The 2004 BBC Two documentary The Private Life of a Masterpiece: Little Dancer Aged Fourteen closely examines the sculpture, the model, the circumstances of her life, and the critical reaction to the work.

In 2014, the Kennedy Center for the Performing Arts in Washington, D.C. premiered the stage musical, Little Dancer, inspired by the story of the young ballerina immortalized by Edgar Degas in his famous sculpture. In March 2019 a reworked version of the musical, now called Marie, Dancing Still premiered at the 5th Avenue Theater in Seattle. Tiler Peck, principal dancer of New York City Ballet, led the cast and Susan Stroman was the director and choreographer for the production.

==In popular culture==

The sculpture is prominently featured in the 1993 thriller film Malice.

It appears in the art gallery of the Feet scene in the Baby Einstein video, "Baby da Vinci: From Head to Toe".

It appears in the 2007 Little Einsteins episode, "The Wind-Up Toy Prince".

It makes a cameo in the 2009 fantasy comedy film Night at the Museum: Battle of the Smithsonian.

The 2013 novel The Painted Girls by Cathy Marie Buchanan centers upon the life of Marie van Goethem, the model for this piece.

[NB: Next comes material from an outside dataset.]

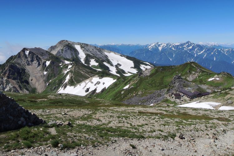 左には白馬三山の杓子岳・鑓ヶ岳、右には立山と剱岳。眼下には白馬岳頂上宿舎も見える。

It traces the statue's development over several years, and considers how Marie may have reacted to its appearance. Buchanan draws parallels between Degas' work, the criminal theories of Cesare Lombroso, and the stage adaptation of Émile Zola's L'Assommoir.

It has recently been featured in the 2020 Netflix drama series Tiny Pretty Things, and in the 2022 HBO original series The Gilded Age, episode Irresistible Change.